Another area of possible confusion among iPhone users is iOS 7’s new touchscreen gestures used to move within and between apps, which do away with design flourishes that mimic physical buttons. It’s a move that some have compared to the way buttons and badges on 1990s websites gave way to simple text links for navigation. However, some designers worry that many people won’t understand which words they can tap to make a change, and which they can’t.
Tom Boates, vice-president of user experience at fitness app Runkeeper, says these changes by Apple resemble Microsoft’s Windows Phone, which was popular with some early adopters but has failed to win over the public.
“On the surface, iOS 7 looks like a copycat,” Mr Boates says. “Many people have claimed that we’re witnessing the end of Apple being a leader in the design world but I disagree.

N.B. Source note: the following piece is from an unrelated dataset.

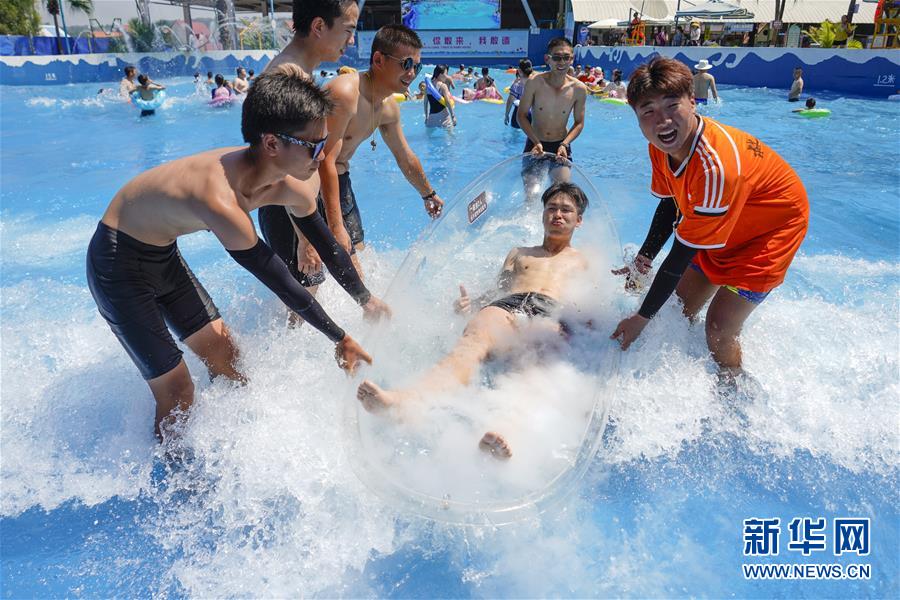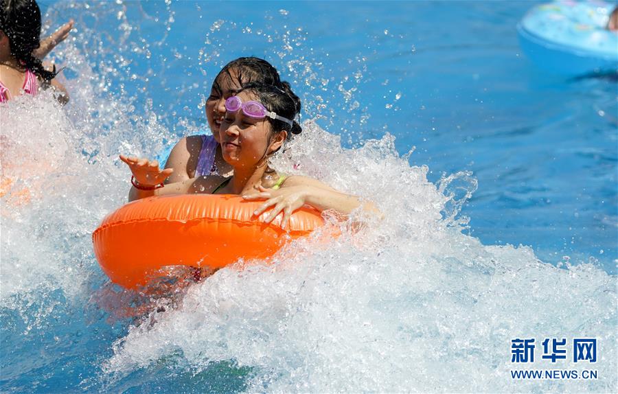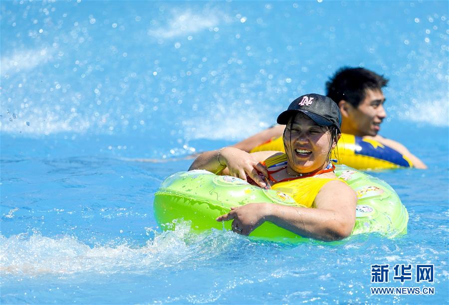 8月5日,重慶涪陵紅酒小鎮(zhèn)水上樂園內,市民在體驗水上游樂項目。當日,重慶市氣象臺再次發(fā)布“高溫橙色預警信號”,重慶大部分海拔400米以下地區(qū)日最高氣溫將升至37℃以上,局地可達40℃以上。許多重慶市民涌進當地的水上樂園和泳池,在水中享受夏季的清涼。新華社記者劉潺攝

I believe we are seeing Apple soak up the things it admires from its competitors’ designs, and iterate on it with something completely brand new.”
Admirers of Sir Jonathan’s overhaul say the old iPhone software’s buttons, shadows and textures are no longer necessary because most people have become familiar with the way touchscreen technology works.
“I think there is a profound and enduring beauty in simplicity, in clarity, in efficiency,” said Sir Jonathan in June’s introduction. “True simplicity is derived from so much more than the absence of clutter and ornamentation. It’s about bringing order to complexity.”
But such subtleties may be lost on less tech-savvy Apple customers. “The public will freak,” says one mobile start-up chief executive.
If it does, Apple may already have a fix on the way. Mixpanel’s logs show two updates to iOS 7 are already being tested in private by Apple.